Extracted data entries:

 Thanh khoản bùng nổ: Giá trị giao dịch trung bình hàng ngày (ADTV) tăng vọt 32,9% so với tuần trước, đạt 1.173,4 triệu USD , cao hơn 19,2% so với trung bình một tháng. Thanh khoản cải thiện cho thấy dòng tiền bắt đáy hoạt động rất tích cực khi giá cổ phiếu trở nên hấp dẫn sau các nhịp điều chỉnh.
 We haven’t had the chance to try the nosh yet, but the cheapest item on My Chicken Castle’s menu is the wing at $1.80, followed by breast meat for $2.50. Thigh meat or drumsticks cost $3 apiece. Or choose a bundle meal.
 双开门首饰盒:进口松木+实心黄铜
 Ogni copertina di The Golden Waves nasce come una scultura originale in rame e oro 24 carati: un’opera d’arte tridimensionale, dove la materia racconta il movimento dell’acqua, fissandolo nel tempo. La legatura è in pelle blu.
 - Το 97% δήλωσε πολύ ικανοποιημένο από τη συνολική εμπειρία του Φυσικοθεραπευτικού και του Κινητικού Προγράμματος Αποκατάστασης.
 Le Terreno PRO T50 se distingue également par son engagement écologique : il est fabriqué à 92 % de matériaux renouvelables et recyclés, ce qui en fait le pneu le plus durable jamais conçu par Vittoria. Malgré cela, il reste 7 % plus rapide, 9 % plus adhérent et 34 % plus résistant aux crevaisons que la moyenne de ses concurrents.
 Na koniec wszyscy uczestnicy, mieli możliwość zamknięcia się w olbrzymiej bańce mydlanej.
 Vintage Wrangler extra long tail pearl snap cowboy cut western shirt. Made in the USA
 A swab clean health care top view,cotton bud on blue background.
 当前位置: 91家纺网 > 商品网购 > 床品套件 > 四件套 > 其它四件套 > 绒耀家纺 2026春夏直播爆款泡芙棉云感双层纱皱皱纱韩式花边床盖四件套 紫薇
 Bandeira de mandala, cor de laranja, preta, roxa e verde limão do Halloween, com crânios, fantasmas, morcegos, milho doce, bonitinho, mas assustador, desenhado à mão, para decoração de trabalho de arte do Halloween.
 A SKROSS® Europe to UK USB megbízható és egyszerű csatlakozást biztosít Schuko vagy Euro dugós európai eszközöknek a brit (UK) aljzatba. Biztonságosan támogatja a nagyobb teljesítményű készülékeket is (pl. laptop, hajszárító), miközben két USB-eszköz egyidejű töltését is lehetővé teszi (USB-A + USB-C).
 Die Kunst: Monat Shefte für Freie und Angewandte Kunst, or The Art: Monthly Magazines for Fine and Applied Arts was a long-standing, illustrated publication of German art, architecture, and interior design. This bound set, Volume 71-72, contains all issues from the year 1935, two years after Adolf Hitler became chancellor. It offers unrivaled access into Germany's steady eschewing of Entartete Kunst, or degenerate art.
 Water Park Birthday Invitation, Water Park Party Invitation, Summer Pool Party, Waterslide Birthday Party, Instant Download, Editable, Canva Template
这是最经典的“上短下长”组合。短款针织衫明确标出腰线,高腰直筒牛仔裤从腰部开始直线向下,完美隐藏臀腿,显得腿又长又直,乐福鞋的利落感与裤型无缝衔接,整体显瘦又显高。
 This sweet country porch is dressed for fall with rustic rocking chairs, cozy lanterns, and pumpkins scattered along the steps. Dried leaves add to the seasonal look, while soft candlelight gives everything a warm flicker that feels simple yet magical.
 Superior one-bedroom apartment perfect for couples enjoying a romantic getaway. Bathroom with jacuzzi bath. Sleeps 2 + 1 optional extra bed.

AIM OF THE TASK: Would you please return all lines of the data that include the word "This"?

YOUR RESPONSE:
 Die Kunst: Monat Shefte für Freie und Angewandte Kunst, or The Art: Monthly Magazines for Fine and Applied Arts was a long-standing, illustrated publication of German art, architecture, and interior design. This bound set, Volume 71-72, contains all issues from the year 1935, two years after Adolf Hitler became chancellor. It offers unrivaled access into Germany's steady eschewing of Entartete Kunst, or degenerate art.
 This sweet country porch is dressed for fall with rustic rocking chairs, cozy lanterns, and pumpkins scattered along the steps. Dried leaves add to the seasonal look, while soft candlelight gives everything a warm flicker that feels simple yet magical.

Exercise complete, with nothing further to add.